===== Records for the task =====

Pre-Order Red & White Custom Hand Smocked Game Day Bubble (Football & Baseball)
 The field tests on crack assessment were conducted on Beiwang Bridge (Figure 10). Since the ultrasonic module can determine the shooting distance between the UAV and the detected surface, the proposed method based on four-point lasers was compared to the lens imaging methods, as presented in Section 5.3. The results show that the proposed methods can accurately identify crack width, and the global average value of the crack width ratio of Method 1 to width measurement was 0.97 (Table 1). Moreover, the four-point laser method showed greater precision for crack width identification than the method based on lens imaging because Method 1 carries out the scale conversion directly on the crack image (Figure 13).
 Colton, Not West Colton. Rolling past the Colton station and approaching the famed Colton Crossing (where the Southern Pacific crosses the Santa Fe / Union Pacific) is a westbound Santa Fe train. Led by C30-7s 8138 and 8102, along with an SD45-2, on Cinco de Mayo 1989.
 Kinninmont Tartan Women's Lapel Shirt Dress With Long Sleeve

=====
===== Records for the task =====

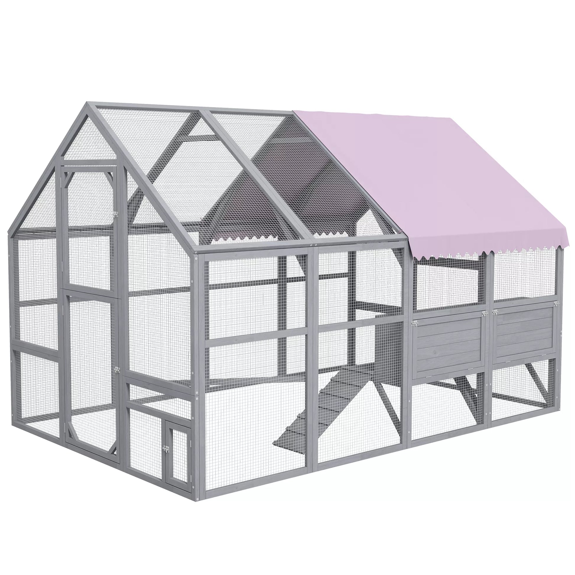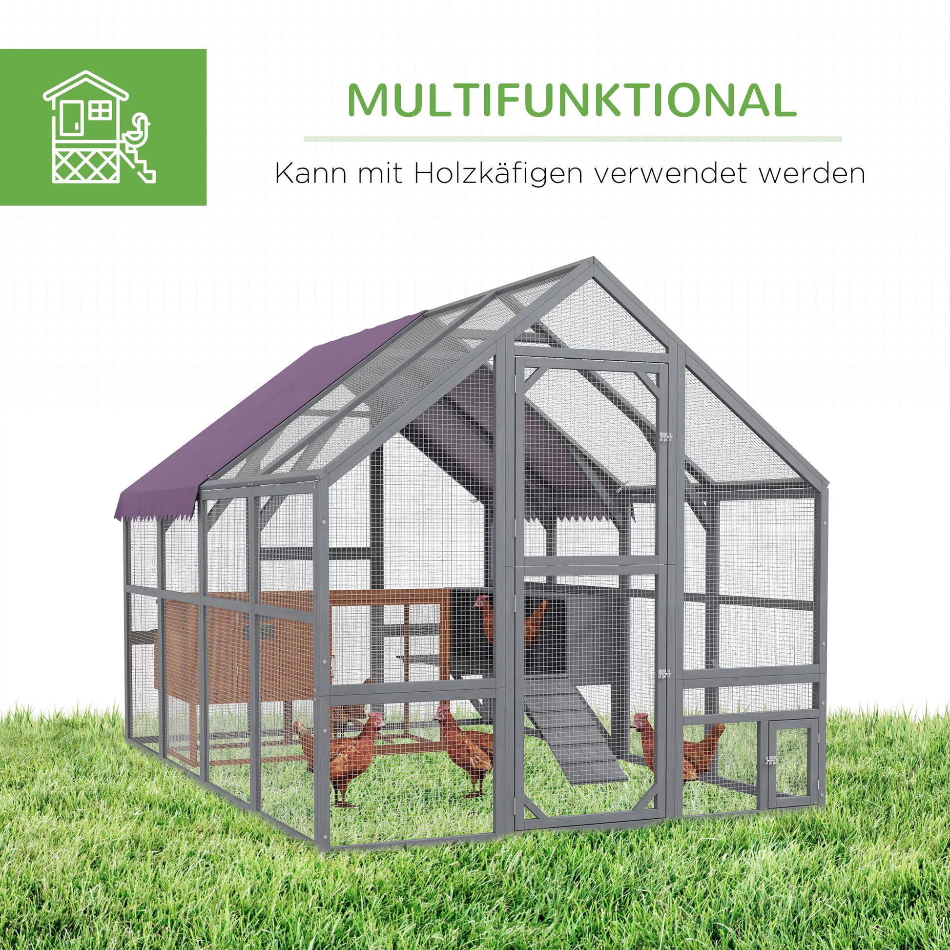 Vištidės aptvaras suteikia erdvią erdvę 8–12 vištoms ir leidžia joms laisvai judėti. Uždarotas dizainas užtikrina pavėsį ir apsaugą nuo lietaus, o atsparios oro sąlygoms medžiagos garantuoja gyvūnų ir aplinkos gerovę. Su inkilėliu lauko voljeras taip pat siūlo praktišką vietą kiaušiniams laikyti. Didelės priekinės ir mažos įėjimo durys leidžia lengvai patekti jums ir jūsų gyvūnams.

=====
===== Records for the task =====

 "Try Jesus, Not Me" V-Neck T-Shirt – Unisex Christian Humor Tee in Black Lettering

=====

→ Assignment:
Going back to the entries above, set down exactly the lines that begin at the one with "Pre-Order Red &" and end at the one with "The field tests", both included, and nothing else.

→ Answer to the problem:
Pre-Order Red & White Custom Hand Smocked Game Day Bubble (Football & Baseball)
 The field tests on crack assessment were conducted on Beiwang Bridge (Figure 10). Since the ultrasonic module can determine the shooting distance between the UAV and the detected surface, the proposed method based on four-point lasers was compared to the lens imaging methods, as presented in Section 5.3. The results show that the proposed methods can accurately identify crack width, and the global average value of the crack width ratio of Method 1 to width measurement was 0.97 (Table 1). Moreover, the four-point laser method showed greater precision for crack width identification than the method based on lens imaging because Method 1 carries out the scale conversion directly on the crack image (Figure 13).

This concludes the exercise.